Saved entries:

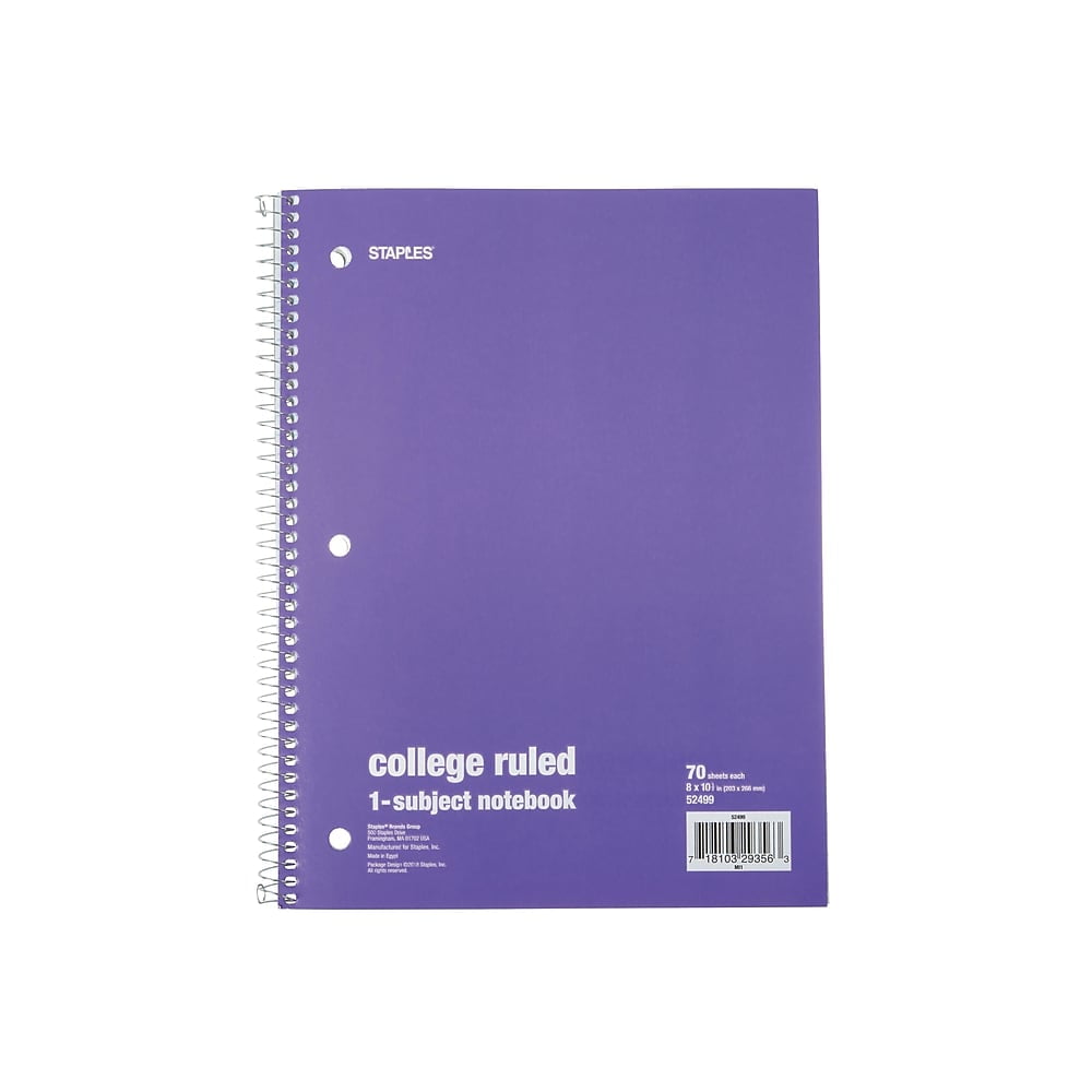 Staples 1 Subject Notebook Spiral Bound 8 In X 10 47 In 70 Sheets 140 Pages College 3 Holes Available In Different Colors Walmart Com
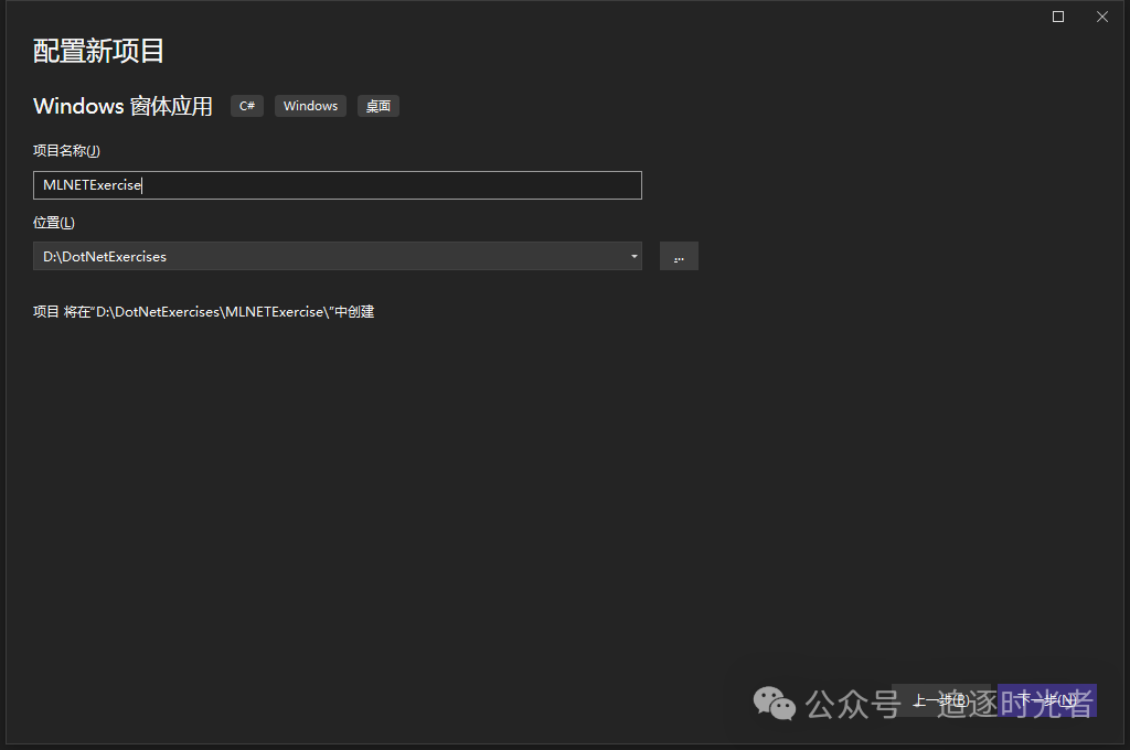 创建一个名为:MLNETExercise的.NET8 WinForms应用。
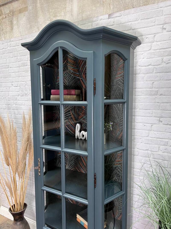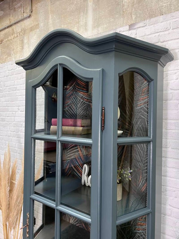 Mit ihrer geschwungenen Krone und den klassischen Formen verbindet diese Vitrine traditionelles Design mit modernem Flair.
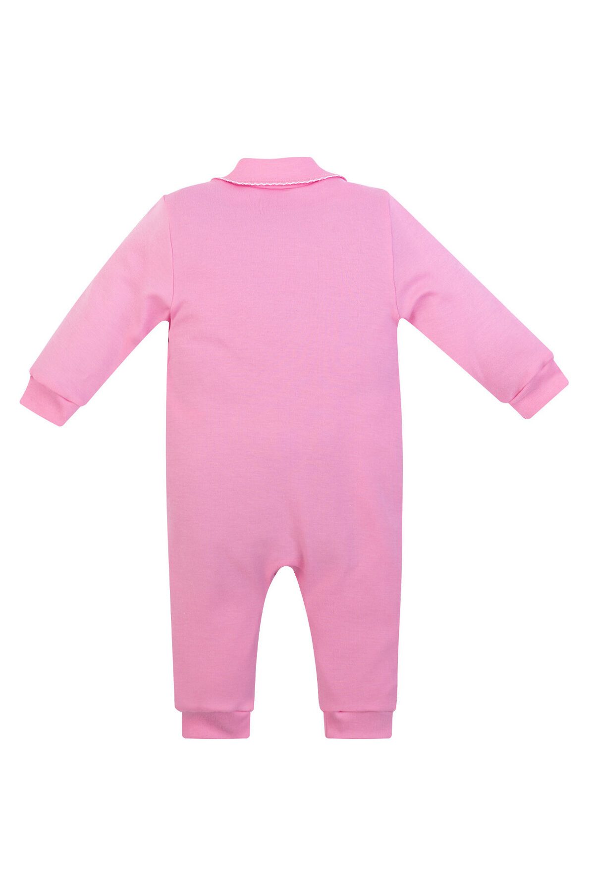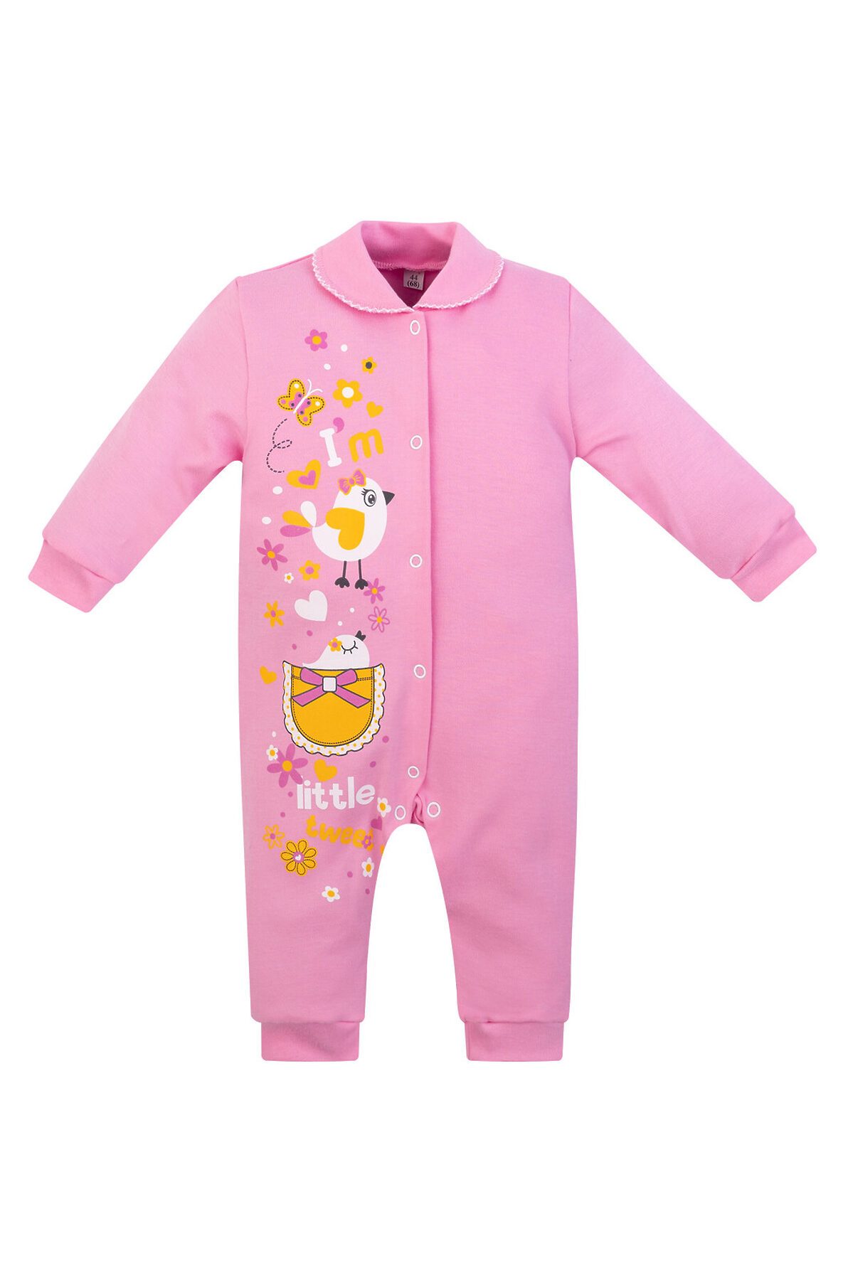 Трикотажный ясельный комбинезон пригодится малышам для носки в прохладные дни. Модель выпускается из гладкого и мягкого на ощупь интерлока розового цвета. Изделие имеет отложной округлый воротничок, открытые ножки, на штанинах и на рукавах манжеты. Прочные кнопки-застёжки проходят по передней стороне комбинезона. На одной половинке спереди принт поющие птички >
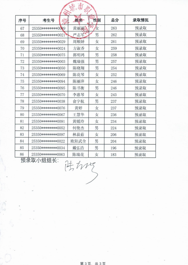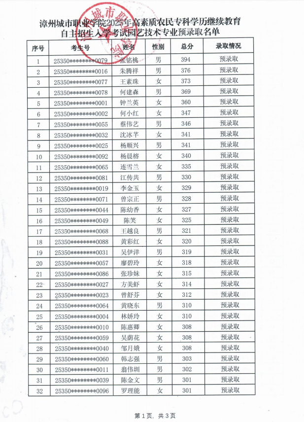 根据《福建省教育厅关于做好2025年全国成人高校招生工作的通知(闽教学〔2025〕10号)要求,我院于2025 年10月19日举办高素质农民专科学历继续教育自主招生入学考试。根据招生计划人数和入学考试总成绩“从高分到低分依次录取”的原则,经学院研究决定,我院 2025年高素质农民专科学历教育自主招生考试预录取学生86名,具体名单见附件。现将预录取名单予以公示,公示期:2025年11月26日至11月30日,如有异议,请在公示期间内上班时间向我院继续教育中心反映,电话:0596-2523373

• _What the task requires_: Return, exactly as they stand, all of the lines above, but not the pictures.

• _Answer to this exercise_:
 Staples 1 Subject Notebook Spiral Bound 8 In X 10 47 In 70 Sheets 140 Pages College 3 Holes Available In Different Colors Walmart Com
 创建一个名为:MLNETExercise的.NET8 WinForms应用。
 Mit ihrer geschwungenen Krone und den klassischen Formen verbindet diese Vitrine traditionelles Design mit modernem Flair.
 Трикотажный ясельный комбинезон пригодится малышам для носки в прохладные дни. Модель выпускается из гладкого и мягкого на ощупь интерлока розового цвета. Изделие имеет отложной округлый воротничок, открытые ножки, на штанинах и на рукавах манжеты. Прочные кнопки-застёжки проходят по передней стороне комбинезона. На одной половинке спереди принт поющие птички >
 根据《福建省教育厅关于做好2025年全国成人高校招生工作的通知(闽教学〔2025〕10号)要求,我院于2025 年10月19日举办高素质农民专科学历继续教育自主招生入学考试。根据招生计划人数和入学考试总成绩“从高分到低分依次录取”的原则,经学院研究决定,我院 2025年高素质农民专科学历教育自主招生考试预录取学生86名,具体名单见附件。现将预录取名单予以公示,公示期:2025年11月26日至11月30日,如有异议,请在公示期间内上班时间向我院继续教育中心反映,电话:0596-2523373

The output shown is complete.